Młodzieniec szedł szybkim krokiem. Dotarł do pierwszych wzgórz, ale błękitna linia przesunęła się na górski łańcuch. Młodzieniec ruszył w dalszą drogę, ale błękitna linia była już za górami, na końcu rozległej niziny. Rozczarowany wrócił do mistrza.
- Gdy robię dziesięć kroków, horyzont także przesuwa się do dziesięć kroków. Jak długo bym nie szedł, nigdy do niego nie dojdę!
- Tak, tak właśnie jest!
- Po co zatem ideały?
- Właśnie po to, aby cały czas iść.
Kiedy rzeka przestaje płynąć, staje się bagnem. Podobnie dzieje się z człowiekiem.
Drwale
Dwóch drwali pracowało w tym samym lesie przy wyrębie drzew. Pnie drzew były ogromne, wytrzymałe i mocne. Obaj używali swych siekier z taką samą wprawą, ale każdy z nich używał innej techniki. Pierwszy uderzał w drzewo z niesłychaną wytrwałością, raz za razem, nie zatrzymując się, chyba że tylko na kilka sekund, by złapać oddech.
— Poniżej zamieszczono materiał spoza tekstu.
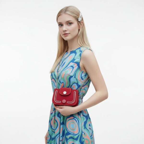 This Crimson Curve Mini Bag is a chic showstopper designed for modern minimalists. Crafted from soft-touch genuine suede in a striking cherry red, it’s finished with contrast rope-style stitching and polished silver-tone hardware for a luxe edge.
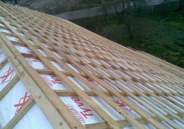 Для создания вентиляционного зазора между гидроизоляцией и слоем кровельного материала сооружают наружную контробрешетку. Строят ее так же, как и внутреннюю, то есть, прибивают бруски к стропильным ногам.

Drugi co godzinę robił przerwę w pracy.
O zmierzchu pierwszy był w połowie dzieła. Napocił się porządnie i nie dałby rady pracować nawet pięciu minut dłużej.
Drugi, choć to niewiarygodne, kończył ścinanie swego drzewa. Rozpoczęli razem i obydwa drzewa były dokładnie takie same.
Pierwszy nie wierzył własnym oczom.
- Nic z tego nie rozumiem! Co godzinę odpoczywałeś. Jak to możliwe, że skończyłeś tak szybko?
Tamten odparł z uśmiechem:
- Widziałeś, że co godzinę robiłem sobie odpoczynek. Nie zauważyłeś jednak, że wolny czas wykorzystywałem, aby podostrzyć siekierę.
Twój duch jest jak siekiera. Nie pozwalaj mu zardzewieć. Ostrz go trochę każdego dnia.
1. Zatrzymaj się na dziesięć minut, aby posłuchać muzyki.
2. Gdy tylko możesz, spaceruj.
3. Uściśnij każdego dnia drogie Ci osoby i powiedz każdej z nich: „Kocham cię”.